Researchers show deepfakes can beat face biometric web services, propose defense strategy
Commonly used methods for generating deepfakes can result in images that regularly defeat face biometric algorithms, according to a new report by researchers at Sungkyunkwan University Suwon in South Korea.
The three researchers’ paper, ‘Am I a Real or Fake Celebrity?’, pits deepfake impersonation attacks against commercial facial recognition web services for identifying celebrities from Microsoft, Amazon and Naver.

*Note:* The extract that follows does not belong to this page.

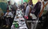 REPUBLIKA.CO.ID, SURABAYA. -- Jamaah calon haji menuju gedung Muzdalifah usai turun dari bus di Asrama Haji Embarkasi Surabaya (AHES), Surabaya, Jawa Timur, Senin (13/5/2024).
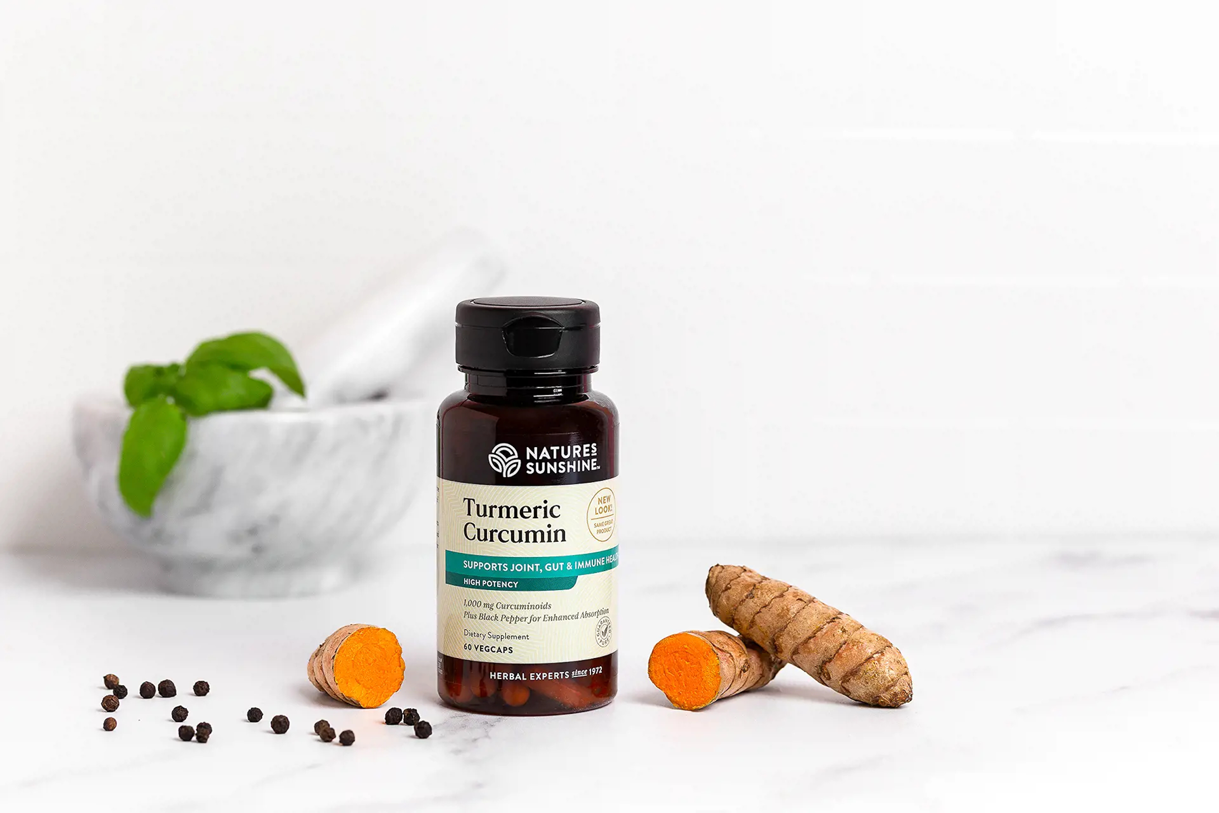 Nature’s Sunshine a leader in herbal tradition spreads the sunshine by bringing a superior herb to your home. Turmeric Curcumin harnesses the power of turmeric extract to promote a healthy inflammatory response to support joint, skin, brain and gut health as well as immune system function. One serving of Turmeric Curcumin is equivalent to 32,000 mg of whole root turmeric. Nature’s Sunshine Turmeric Curcumin is clinically studied and proven to deliver superior absorption and effectiveness. As an Herbal Leader Nature’s Sunshine flipped the script on the Turmeric and Curcumin product offering. While most competing products deliver high levels of Turmeric and low levels of turmeric extract, Nature’s Sunshine delivers Turmeric root and HIGHER levels of the antioxidant-rich turmeric extract. Curcuminoids is the primary active ingredients obtained from the rhizomes of the yellow curry spice turmeric (Curcuma longa L). Curcumin has been safely used for centuries in Indian Ayurvedic medicine. A potent antioxidant, curcumin supports a healthy inflammatory response and may help support joint, skin, brain and gut health as well as immune system function. As an added benefit we enhanced Turmeric Curcumin with Black pepper extract—a black pepper fruit extract from the Piper nigrum species, black pepper has been added to increase curcumin’s absorption. Black pepper may also aid with some occasional digestive discomfort and has antioxidant properties.

Researchers Shahroz Tariq, Sowon Jeon and Simon S. Woo state that the attacks can easily be generalized to non-celebrities.
They attempted targeted attacks, intending to trick the algorithm into misidentifying the submission as a particular celebrity, and non-targeted attacks, to trick the algorithm into mistakenly identifying the image as any celebrity, the latter of which were consistently successful.
When making mistakes, the biometric algorithms returned high confidence scores, in some cases higher than the real image, which the study authors attribute to the deepfakes retaining key identity data.
Three publicly available datasets and two custom ones created by the researchers were used to create a total of 8,119 deepfakes and extracted faces from the frames to submit to the web APIs.
They found that some methods of attack are more successful than others, and each biometric matching system responds differently to deepfakes.
With images taken from the VoxCelebTH dataset, Microsoft’s Azure Cognitive Services API identified 78 percent of deepfakes the researchers submitted to it as the targeted celebrity, while Amazon mismatched 68.7 percent of submitted images. Overall attack success rates across the five datasets used in the test were 28 percent for Amazon, 33.1 percent for Microsoft, and 4.7 percent for Naver, but fell to less than 4 percent, 5 percent, and 1 percent respectively when the researchers employed a proposed defense method. The researchers declared “no clear winner among the three APIs” in terms of resistance to deepfake impersonation.
The researchers proposed method of defense against the deepfake impersonation attacks applies off-the-shelf deepfake detectors to the biometric API. They plan to build a REST API to screen incoming requests to the celebrity facial recognition APIs.
“The proposed defense method can provide excellent results. And, to some extent, it can be an effective defense mechanism,” the researchers write. “However, these off-the-shelf models may not be optimal against each DI attack, and false positives can play avital role in increasing the attack’s success rate. In addition, due to the rise of new deepfakes, existing detection models are not guaranteed to work well against them. Therefore, a more generic and effective defense method against different types of existing and new DI attacks is urgently required. And more research is needed in that direction, exploring transfer learning, domain adaptation, and meta transfer learning to better cope with new DI attacks.”
A paper presented earlier this year showed a troubling new deepfake method capable of defeating deepfake detectors.